Insect bites are a real problem for me. A tick bite can plague me for a week or two. Chiggers are too horrible to even mention. I do my best to stay on the concrete but occasionally I forget and wander into the wilderness. A year ago, while walking on the prairie, I stumbled into a swarm/hive/nest of Oak Mites.

After feeding and reproducing, the mite then exits the leaf in the fall looking to find a protected location to overwinter. It is at this time millions of microscopic mites are blown in the wind, falling or landing on us. That is when they bite, resulting in the itchy rashes that are painful. Mites that don’t land on us spend the winter protected, waiting to emerge the following season to potentially start their reign of terror over.

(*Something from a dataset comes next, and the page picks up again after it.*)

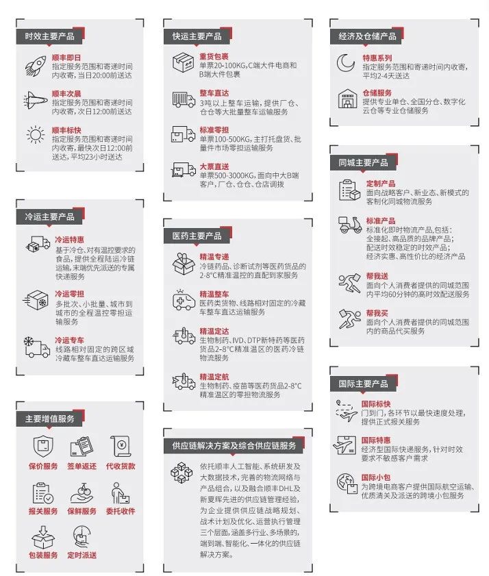 目前在运输业务上,顺丰的布局是:快递、快运、冷链医药、供应链、国际物流、同城急送等。

I had never heard of Oak Mites until the Urgent Care physician identified the bites. There’s really not much you can do but treat the bites with anti-itch creams. And friends, there is no itch like an Oak Mite itch. Okay, maybe Poison Ivy or Poison Oak, but it’s close. And it takes at least three weeks to subside and feel remotely human again.

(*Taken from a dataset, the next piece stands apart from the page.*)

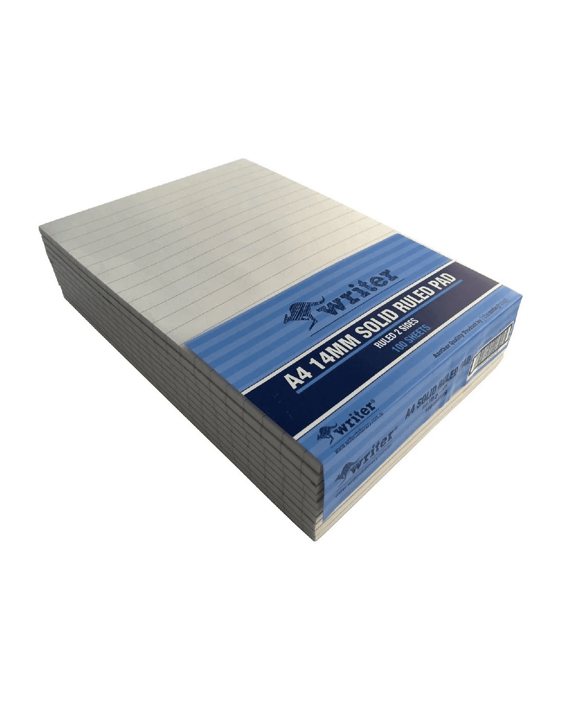 Sold by OfficeworksWriter A4 14mm Ruled Writing Pad 100 Sheets

Three weeks ago — one year almost to the day — I managed to drive the Land Rover through some tall grass and again encounter Oak Mites. Even worse this time. The bites were so concentrated I had bites on top of bites. So thick you could not see the individual bites. Too horrible to share photos.

Because these fuckers are wind blown, there’s apparently no way to completely avoid them. But no more walking in tall grass for this boy.

Surgically Enhanced

Had a little surgical procedure six weeks ago and met with my urologist, Dr. Katie Murray, today for follow-up. Since nobody wants to hear about old guy surgery, I’m telling folks I had a couple of inches added. Life has gotten a whole lot better. Beer on the deck tonight at sunset.

Impossible Slider


Have not had a White Castle “slider” in… 25 years? Remember them as greasy little things best consumed after a night of drinking.

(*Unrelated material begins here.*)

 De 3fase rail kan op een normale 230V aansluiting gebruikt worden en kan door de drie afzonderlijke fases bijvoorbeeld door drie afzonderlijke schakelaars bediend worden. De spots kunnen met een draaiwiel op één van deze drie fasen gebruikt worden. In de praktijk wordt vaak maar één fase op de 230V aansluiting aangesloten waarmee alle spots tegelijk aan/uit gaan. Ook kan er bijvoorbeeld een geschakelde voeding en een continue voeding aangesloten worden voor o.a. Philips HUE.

Stopped in today to try their Impossible (Foods) Slider. One of the few places in mid-Missouri the Impossible Foods burger is available. It was NOT greasy and I’m not sure I could tell difference from a beef patty (although I haven’t tasted one of those in 6 years). Lady behind me had her first as well and agreed it was very tasty.

Is red meat or white meat healthier?

According to the American Journal of Clinical Nutrition… neither.

White meat could carry the same heart health risks as red meat according to scientists who studied how beef and chicken affect cholesterol levels. The authors of a study published in the American Journal of Clinical Nutrition concluded plant-based proteins seem to be the best option for those looking to control their blood cholesterol levels.

Meatless

Stopped eating beef, pork and poultry six years ago today. No milk but I do eat eggs and fish. Hasn’t been all that hard really. I am looking forward to trying one of the new Impossible Burgers.